TrendForce’s investigations indicate that horticultural lighting LED package suppliers include ams-OSRAM, Samsung LED, CREE LED, Seoul Semiconductor, Lumileds, Everlight, LITEON, and lightning. On the other hand, horticultural LED chip suppliers include Epistar, San’an, HC Semitek, HPO, and Epileds. The vast majority of the aforementioned companies were able to benefit from the horticultural lighting market and posted remarkable earnings performances in 1H21.
Looking ahead, the demand on food safety will bring about a shortened food supply chain via such developments as indoor farming and build-outs of vertical farms, with a corresponding rise in the global horticultural lighting LED market.
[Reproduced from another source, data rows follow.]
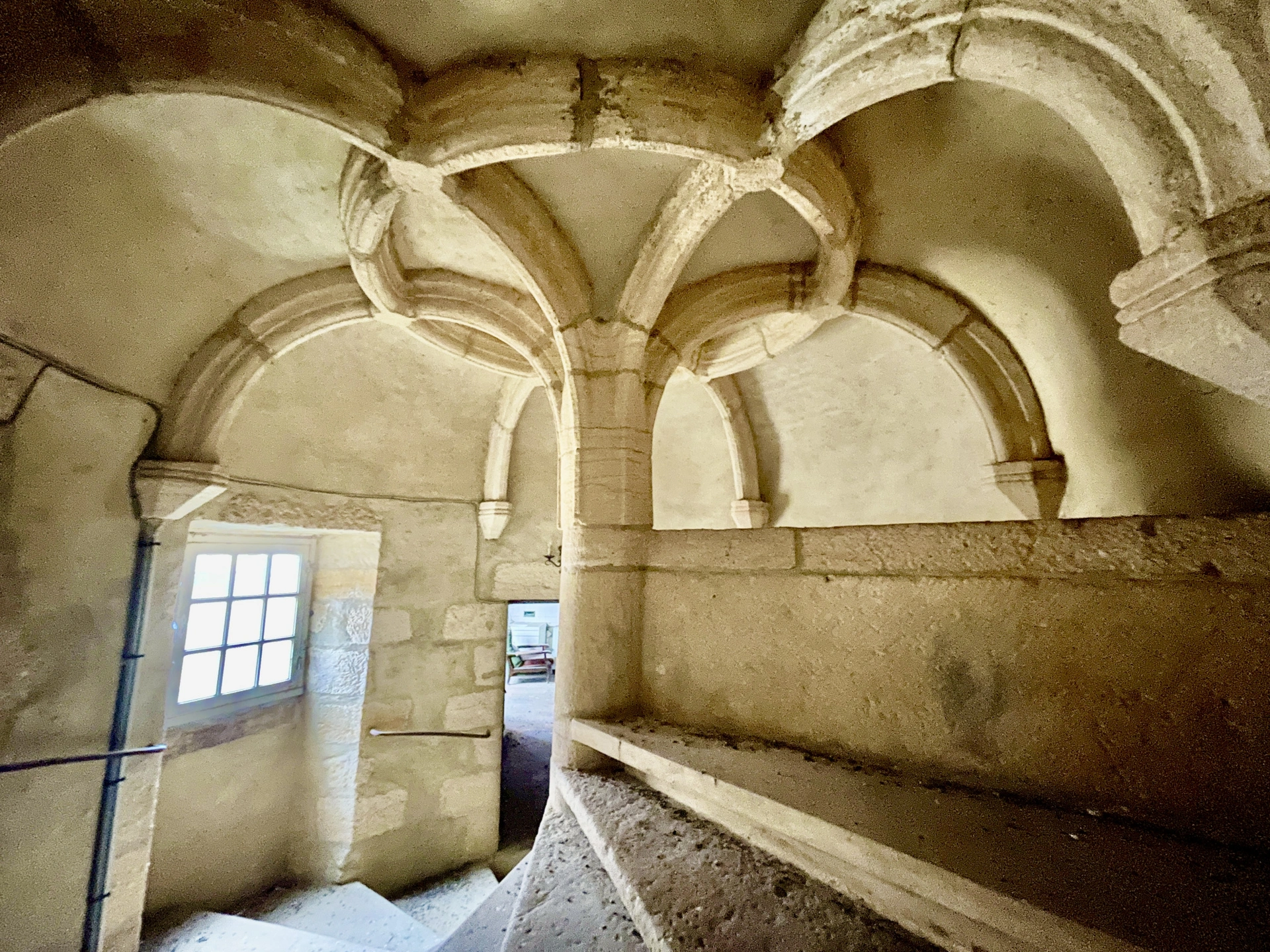Dominant l'angle d'un immeuble Renaissance orné de fenêtres à meneaux, cette authentique tour de guet n'est pas une simple curiosité architecturale : c'est un témoignage vivant du passé militaire et noble de la cité. Créneaux, machicoulis, toiture conique, escalier en pierre à vis Louis XIII... chaque détail évoque un patrimoine inestimable.
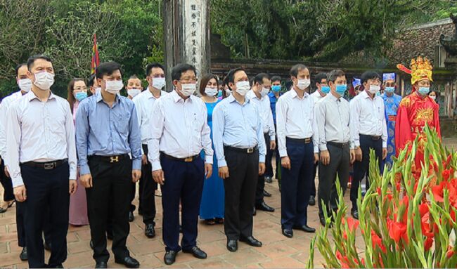 Sau lễ mở cửa đền, đồng chí Chủ tịch UBND tỉnh và các đại biểu thực hiện nghi thức dâng hương tại Nhà bia thờ Vua Lý Thái Tổ tại Khu di tích Quốc gia đặc biệt Cố đô Hoa Lư.
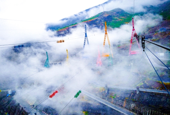 “你看到(dao)云霧中這些彩色的機(ji)械了(le)嗎?這是我(wo)(wo)們白鶴灘水電站(zhan)的纜機(ji)群,是我(wo)(wo)們的‘七(qi)仙女(nv)。”
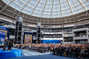 La intrarea în sala reuniunii, șeful statului a fost aplaudat de cei 1.500 de membri PNL, parlamentari şi aleşi locali care au participat, sâmbătă, la Craiova, la Adunarea Regională a organizaţiilor PNL din Oltenia. Drumul spre tribuna sălii a fost un nou prilej pentru o baie de mulțime, liberalii dorind să dea mâna, să facă fotografii și să le ureze succes președintelui României și liderului PNL.
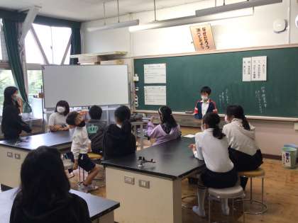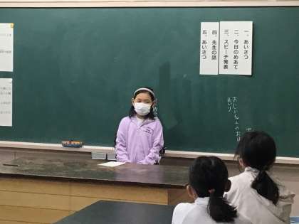 4〜6年生は理科室でスピーチを行いました。運動会のことやお墓参りのことが話題となっていました。
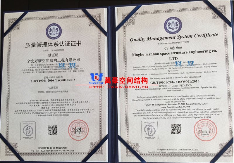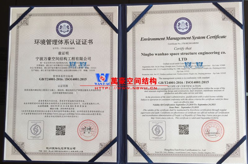 最近,寧波萬豪空間結構工程有限公司進行了最新一次的質量管理體系認證審核,各項指標自然是符合要求,順利的拿到了4項管理體系認證證書,大家可以見證一下。
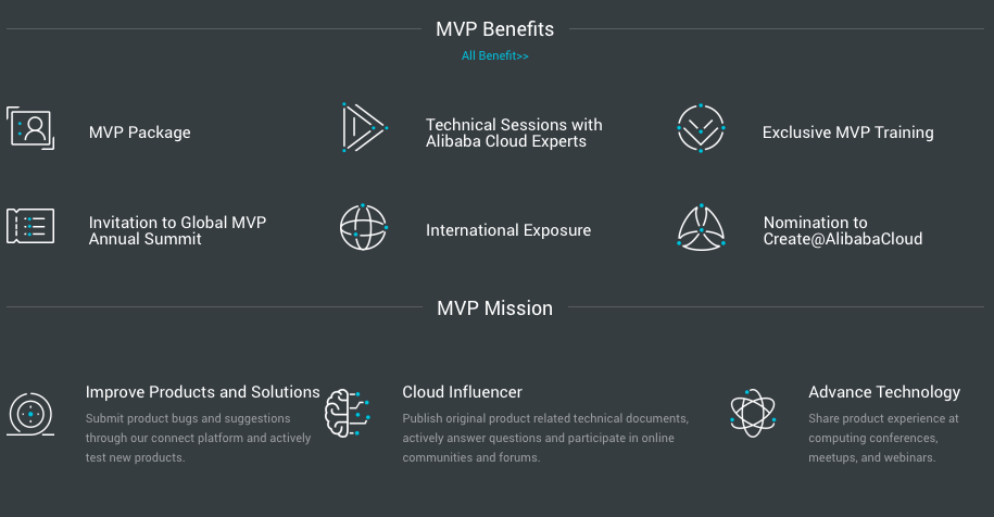 By becoming an MVP, you can gain exceptional recognition for your contributions to the community and take advantage of the privileges provided by the Alibaba Cloud, for example, MVP Medal, meeting with internal Alibaba Cloud experts for an unlimited period, exclusive Alibaba Cloud services, an invitation to Alibaba Cloud official activities and visit Alibaba headquarters.
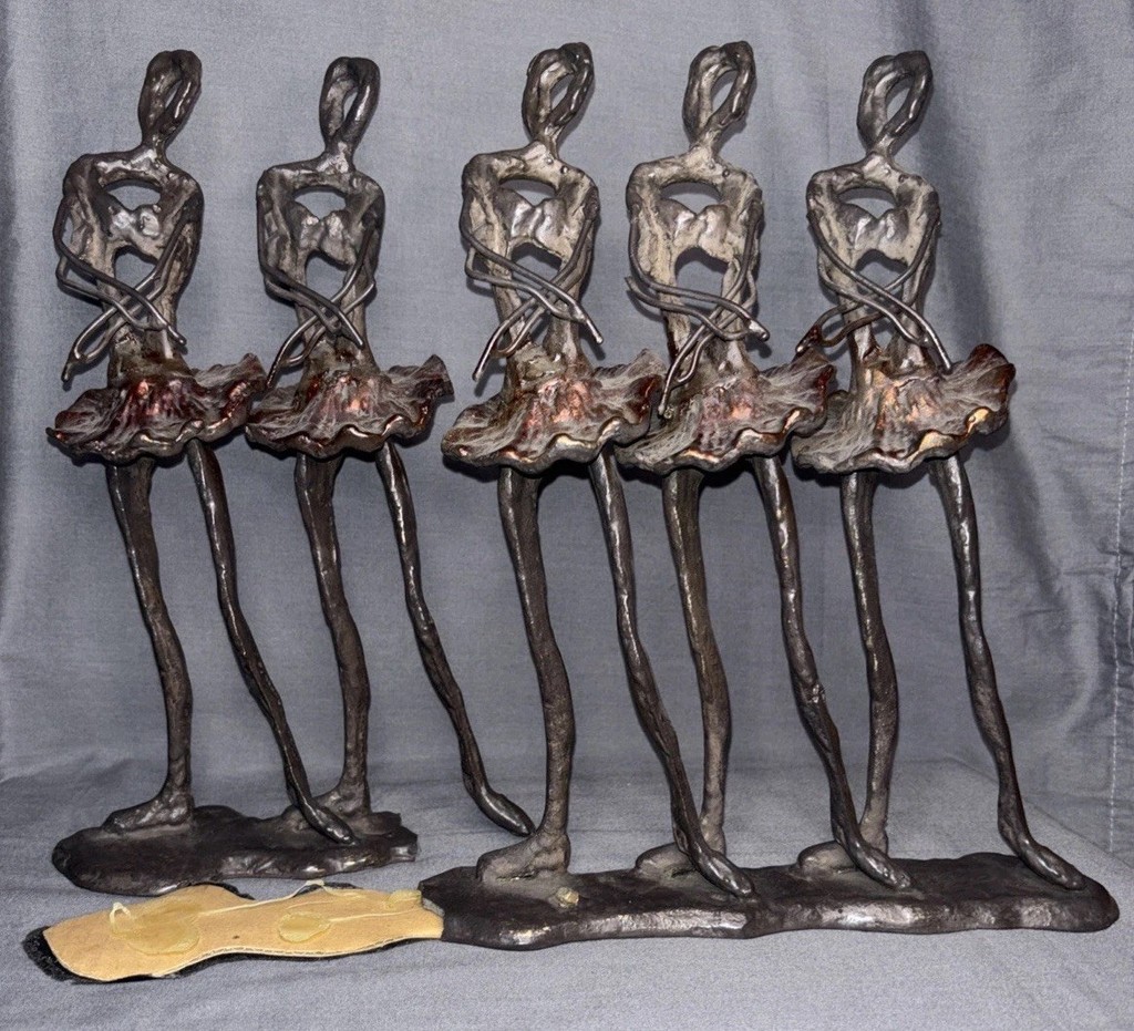 Vintage 5 Ballerinas Brutalist Mid Century Cast Metal Sculpture Heavy Flawed
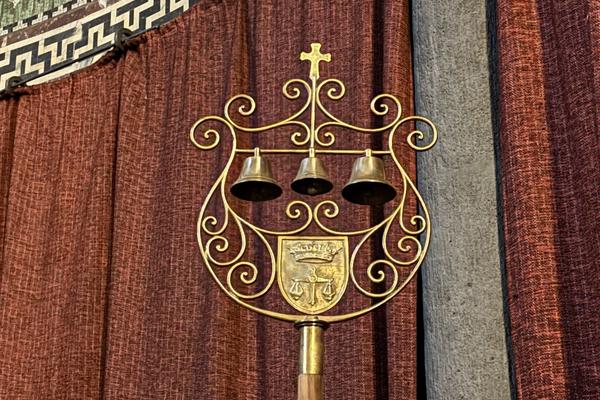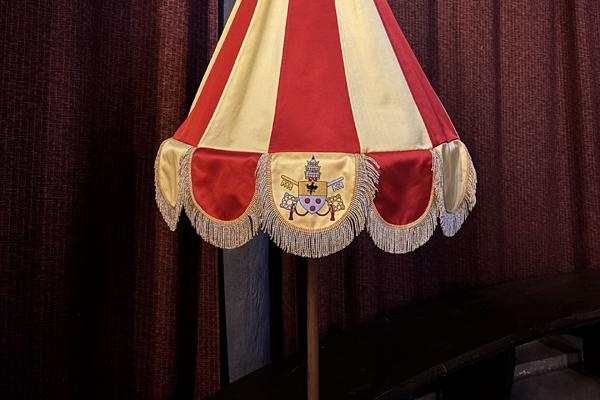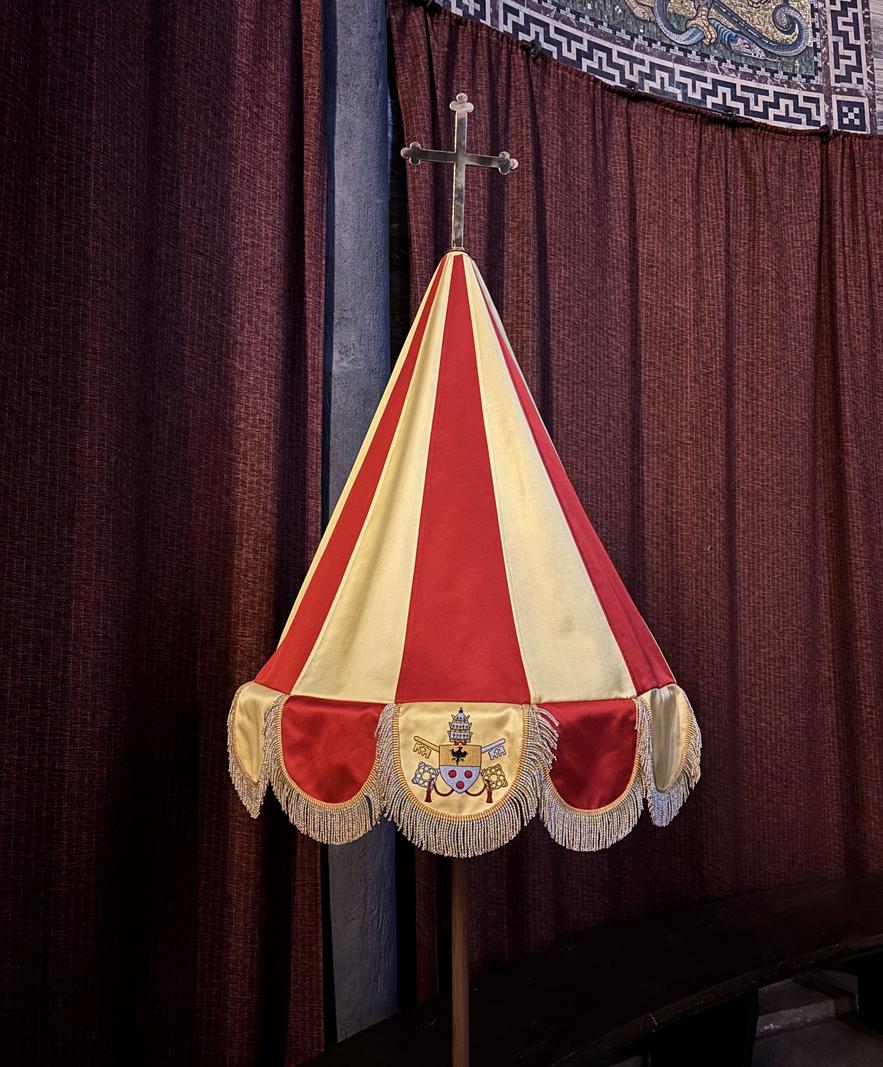 Die Ehrenzeichen, die eine Basilica Minor auszeichnen, erscheinen in unserer Kirche wieder in neuem Glanz: das Conopeum, ein Schirm in den päpstlichen Farben Purpur und Gold, und der Schellenbaum.

In addition, TrendForce believes that, as operators of greenhouses or emerging vertical farms continue to adopt LED lighting equipment in the long run, and LED lighting costs continue to decline, more and more indoor farmers will be convinced to replace their traditional lighting equipment with LED lighting equipment. The replacement demand from these operators will, in turn, become the key driver of the horticultural lighting LED market’s future growth.